The Ontario Court of Appeal has ordered a new trial in a sexual assault case, after ruling a participant expert’s testimony at the trial was inadmissible.
The Ontario Court of Appeal has ordered a new trial in a sexual assault case, after ruling a participant expert’s testimony at the trial was inadmissible.
The province’s highest court released its decision in the Imeson v. Maryvale (Maryvale Family and Adolescent Services) on Nov. 7.
“This appeal, which concerns the treatment of participant expert evidence at trial by a trial judge at a civil jury trial, illustrates the importance of scrutinizing such evidence to ensure that the participant expert does not exceed his or her proper role,” wrote Justice Katherine van Rensburg, for the three-judge panel that included justices Gloria Epstein and David Brown, in the opening paragraph of the 33-page decision.
In 2016, Maryvale Adolescent and Family Services, a home for troubled youth, was found vicariously liable for the sexual assault of a former employee, known as Tony “Doe” on Jesse Imeson, who stayed at Maryvale for a few months during 1996 and 1997. An important witness in the trial was Dr. Kerry Smith, a psychologist who treated Imeson for nearly three years between 2012 and 2015 when Imeson chose to discontinue sessions, the decision says.
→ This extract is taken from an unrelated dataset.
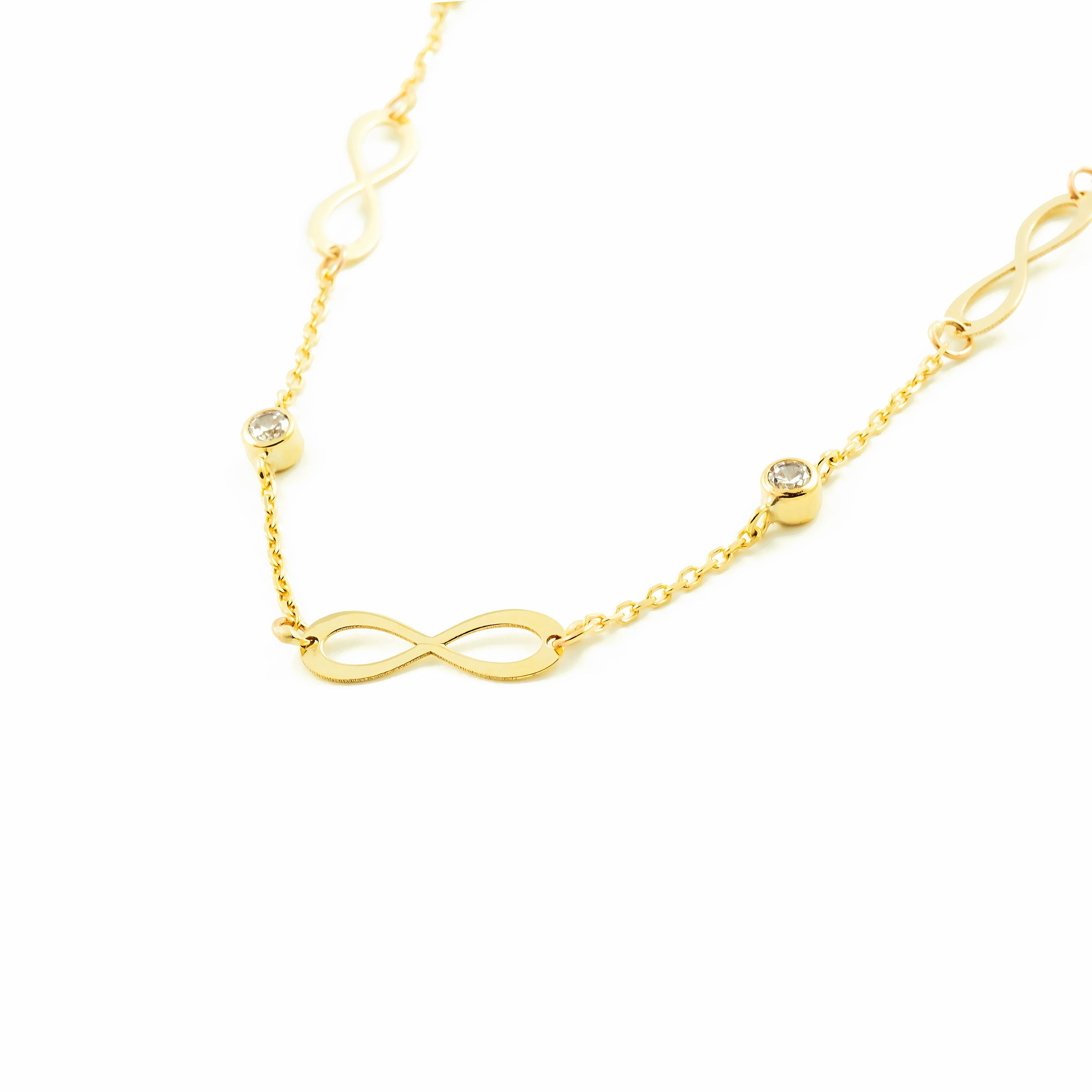 Women's Necklace 9K Yellow Gold Infinity Shiny Zirconia

In 2008, Imeson was convicted of three second-degree murders, for which he is currently serving three life sentences in a federal penitentiary, the decision says. He first made allegations about sexual assault committed by Tony “Doe” in 2009 or early 2010. Litigation began in 2011. The trial, which included a jury, occurred in September 2016.
The decision details how Superior Court Justice Elizabeth M. Stewart permitted Smith, a psychologist at the penitentiary where Imeson is serving his sentence, to testify as a participant expert about the treatment he had provided to Imeson and the treatment he would have given if Imeson had continued the sessions. The trial judge did not allow Smith to give opinions about whether Imeson would be released, if he fit the characteristics of childhood sexual assault survivors or if he “matched the characteristics that predatory sex offenders seek out,” the Court of Appeal’s decision says. Smith “had conducted no research in the field of childhood sexual assault and abuse,” the decision says, although it also says that many of his patients report experiencing childhood sexual abuse.
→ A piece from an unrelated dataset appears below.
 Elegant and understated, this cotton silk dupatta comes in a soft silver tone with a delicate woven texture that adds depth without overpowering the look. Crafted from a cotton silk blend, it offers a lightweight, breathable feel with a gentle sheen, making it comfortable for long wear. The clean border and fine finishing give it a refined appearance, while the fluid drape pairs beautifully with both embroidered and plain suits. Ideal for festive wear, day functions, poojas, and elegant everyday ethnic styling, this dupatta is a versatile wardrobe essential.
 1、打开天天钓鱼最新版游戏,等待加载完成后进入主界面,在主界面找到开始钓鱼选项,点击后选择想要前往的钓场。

The decision describes defence counsel’s objections to Smith being a participant expert witness on the basis that his testimony was not necessary and that he did not meet the proper criteria to be a participant expert witness.
The Court of Appeal agreed.
“There was no need for expert evidence to help the jury decide whether Imeson was credible,” wrote van Rensburg.
Stephen Ross, a partner at Rogers Partners LLP in Toronto, who represented Maryvale, says the decision is “generally consistent” with the reasons he gave questioning the use of Smith as a participant expert and his reports.
Smith’s evidence was unnecessary, he says.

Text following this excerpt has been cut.